This vignette describes how you can use the CohortMethod
package to perform a single new-user cohort study. We will walk through
all the steps needed to perform an exemplar study, and we have selected
the well-studied topic of the effect of coxibs versus non-selective
non-steroidal anti-inflammatory drugs (NSAIDs) on gastrointestinal (GI)
bleeding-related hospitalization. For simplicity, we focus on one coxib
– celecoxib – and one non-selective NSAID – diclofenac.

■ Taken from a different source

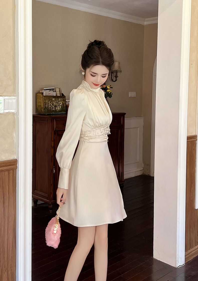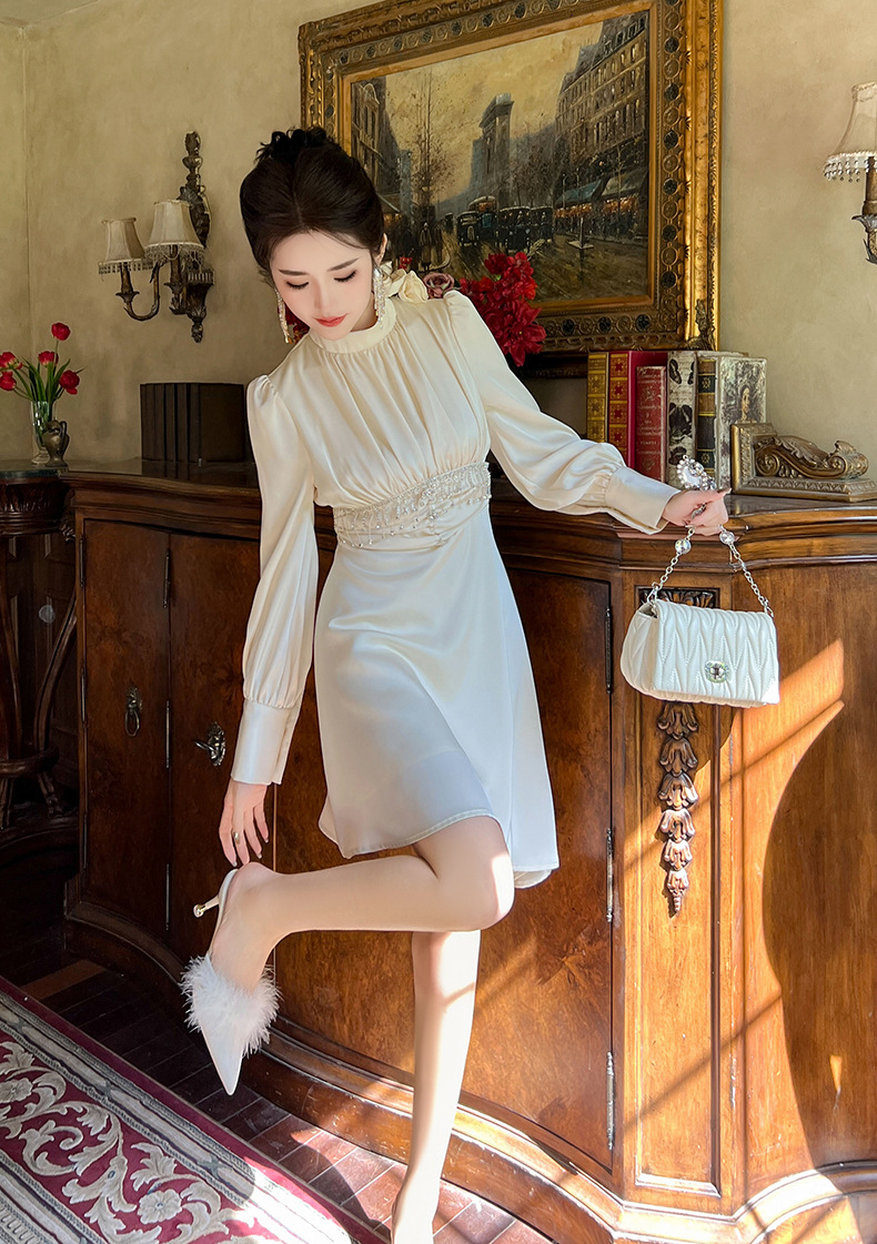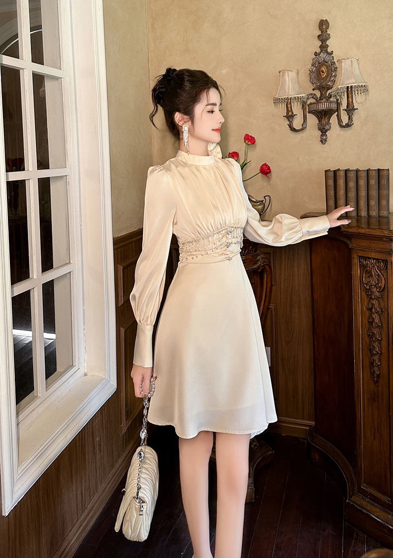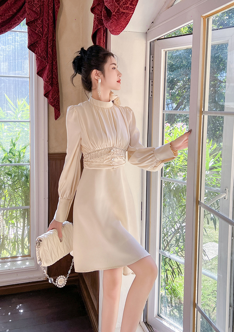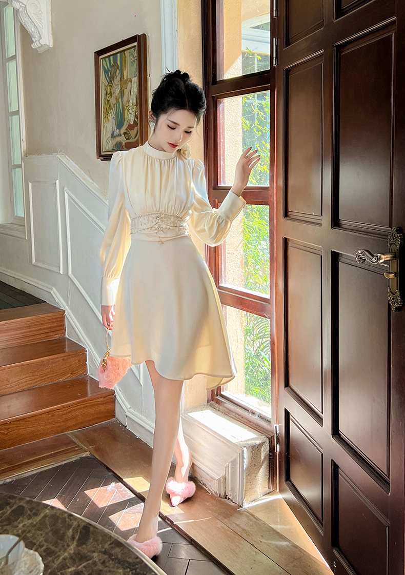 C-3053# 2023秋装新款女装温柔风气质立体花朵收腰镶钻不规则连衣裙50615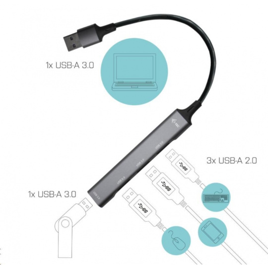 i-tec USB 3.0 Kovový HUB 1x USB 3.0 + 3x USB 2.0

The first step in running the CohortMethod is extracting
all necessary data from the database server holding the data in the
Observational Medical Outcomes Partnership (OMOP) Common Data Model
(CDM) format.
We need to tell R how to connect to the server where the data are.
CohortMethod uses the DatabaseConnector
package, which provides the createConnectionDetails
function. Type ?createConnectionDetails for the specific
settings required for the various database management systems (DBMS).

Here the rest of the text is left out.